Chanel has also been trying to expand. Chanel signed its original lease for the entire corner of 139 Spring Street that wraps onto the quaint, cobblestoned Wooster Street in December 1999. The building became an artist loft condominium, and in 2016 the retail was sold to Invesco for $122 million. Chanel renewed in 2020 for a reported $3.6 million annual rent.

Valentino moved next door to 135 Spring under a two-year deal in 2021. But as consumers returned post-pandemic, Chanel wanted to expand into that space. Valentino was bumped out in July 2023 and reopened at 98 Prince Street in February 2024. 

But Chanel and Valentino’s spaces were not only owned by different entities but also separated by the lobby for the upstairs artist lofts at 139 Spring. Ultimately, Chanel gave up on the expansion and moved to a temporary space at 120 Wooster Street while its corner home is being renovated. 

That left 135 Spring without a tenant. That is, until Adidas wanted to relocate from 115 Spring Street. Both spaces were owned by SL Green Realty and represented by Newmark. A deal was made for Adidas at No. 115 at over $3 million per year for 4,424 square feet on the ground and 4,294 square feet on the lower level — a blended rent of around $360 per foot.  

In April, Estée Lauder Companies leased four adjacent shops from 120 through 126 Prince Street, which the cosmetics company plans to run as separate boutiques for its different brands,  at a rent of around $1,100 per foot.  

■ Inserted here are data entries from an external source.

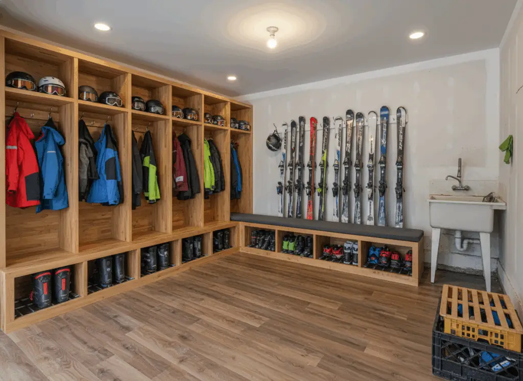Ski rental property needed organized mudroom to handle guests with ski gear, wet clothes, and boots. Transformed garage entry into custom ski mudroom. Built floor-to-ceiling cubbies, installed heated boot drying racks with ventilation, created ski/snowboard wall mount system, added custom bench seating with lift-up storage underneath, installed coat hooks at multiple heights (kids + adults), built shelf system for helmets and goggles, added waterproof luxury vinyl plank flooring with floor heating, installed utility sink for washing gear, created drip-dry area with drainage.
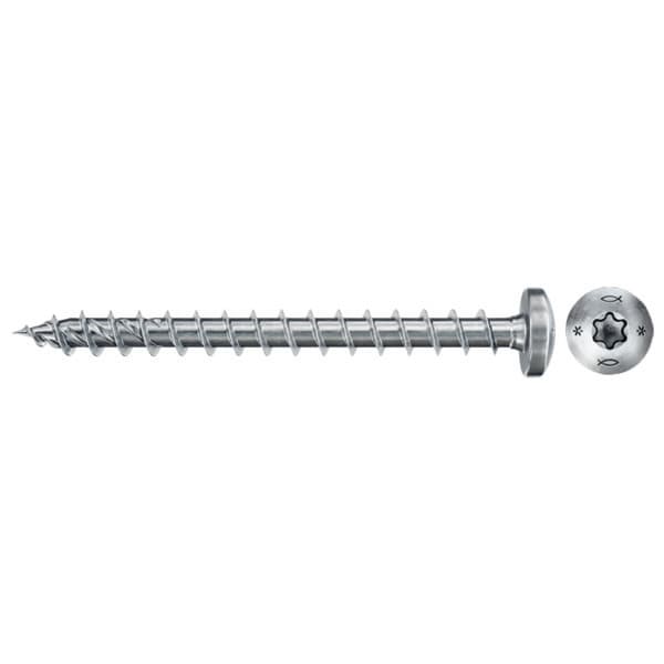 fischer treskrue PowerFast FPF II PTF BZ er en bonus zink skrue med panhode, TX spor og helgjenger. Panhodet med TX spor garanterer optimal kraftoverførsel med maksimal bit stabilitet. Det runde hodet gjør den svært godt egnet til feste av metall mot tre f.eks. beslag, skinnesamlere eller stolpesko. Skruen med helgjenger muliggjør høyere belastning pga. lengre gjenger.
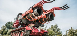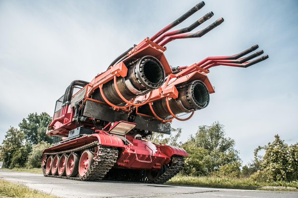 You might want to witness a Hungarian firefighting tank in action if you're a fan. According to Hungary's Total Car, Big Wind, or Windy as it's also known, was created in 1988 from the chassis of a World War II-era Russian T-34-85 tank. Thereafter, a pair of MiG-21 fighter-derived R-25 jet engines with a combined thrust of 27,000 lbs were installed. Every second, they emit 4,591 cubic feet of exhaust gas, into which 6 nozzles spray 220 gallons of water.
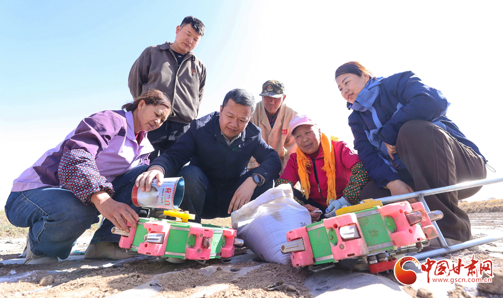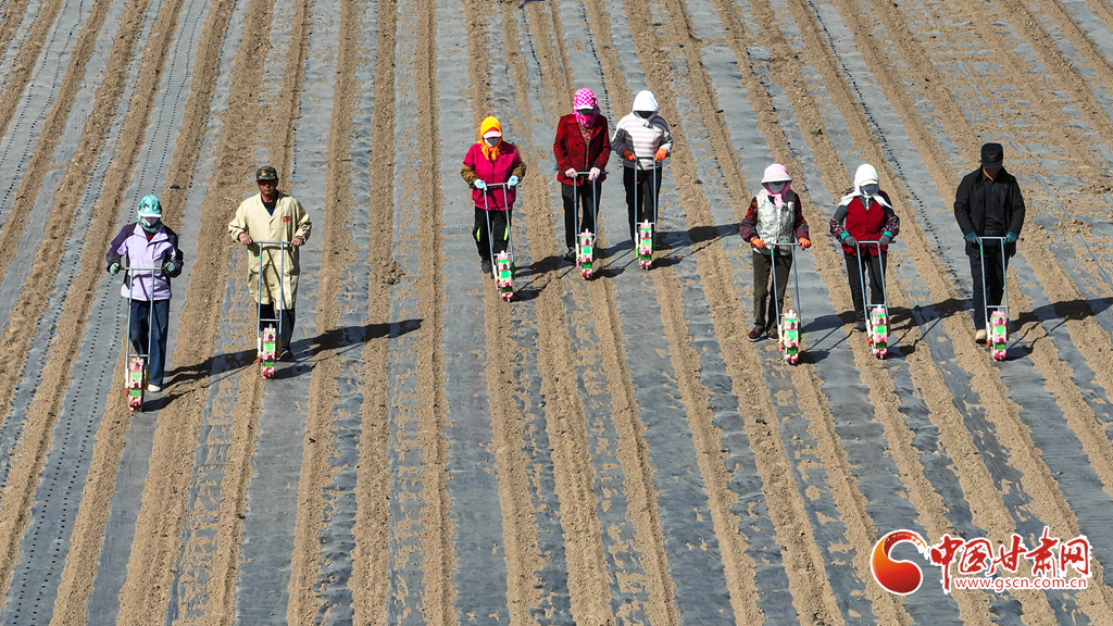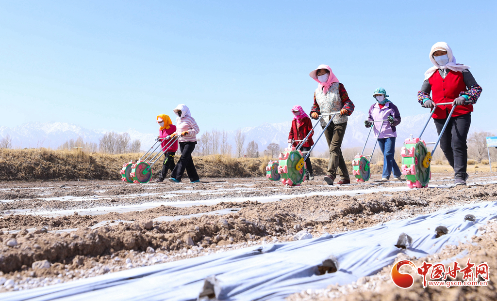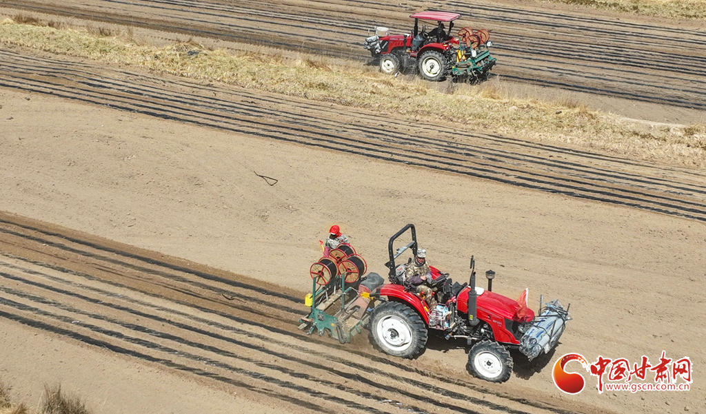 4月3日,張掖市民樂縣5萬多畝制種油菜基地上,種植戶正忙著覆膜、鋪設滴灌帶,并用手扶小型滾輪播種器進行精量播種,田間地頭一派繁忙的春耕景象。
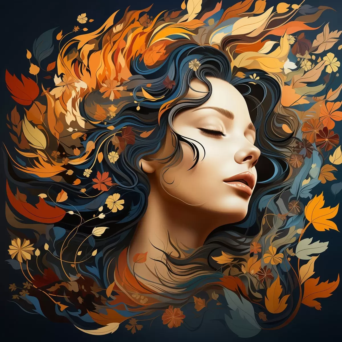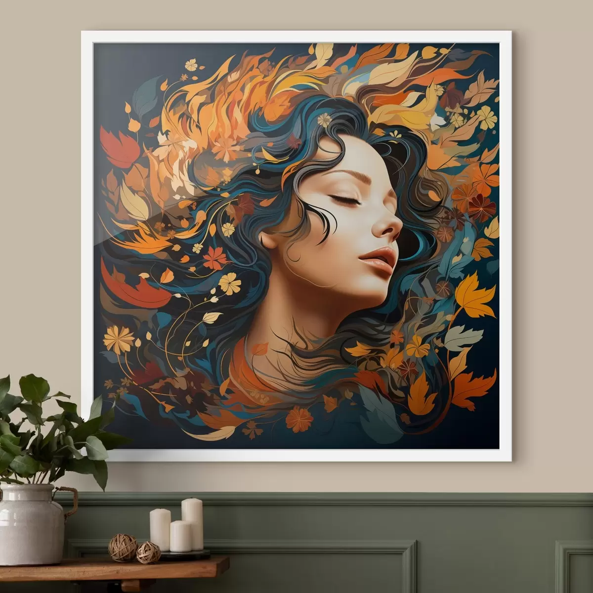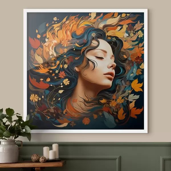 Plakat Tüdruk ja langevad lehed f44358

Retailers are still being drawn to SoHo from other countries and states. Most recently, furniture maker Orior out of Northern Ireland landed at 32 Mercer Street while Swedish fashion house Toteme is nearby at 49 Mercer Street. The Israeli bridal shop Galia Lahav opened at 155 Wooster Street just south of Houston Street; the Italian conglomerate Oniverse leased 121 Wooster for its first U.S. store for its Antonio Marras brand; and the San Francisco company Thuma brought its mattresses and a café to 99 Wooster near Spring Street.    

Asking rents are in the mid-$200s a foot on that Wooster block, said Owles, who has deals pending at 117 Wooster Street for the former Ted Baker store and another for the former Bravissimo space on the West Broadway side of the same building.

“In an unpredictable retail environment, SoHo has proven to be remarkably durable,” Epstein said. “Its mix of legacy charm and ever-evolving creativity draws both global spenders and local connoisseurs. That resilience is exactly why brands like Ralph Lauren are buying, not just to do retail sales, but to root themselves in the DNA of downtown New York.”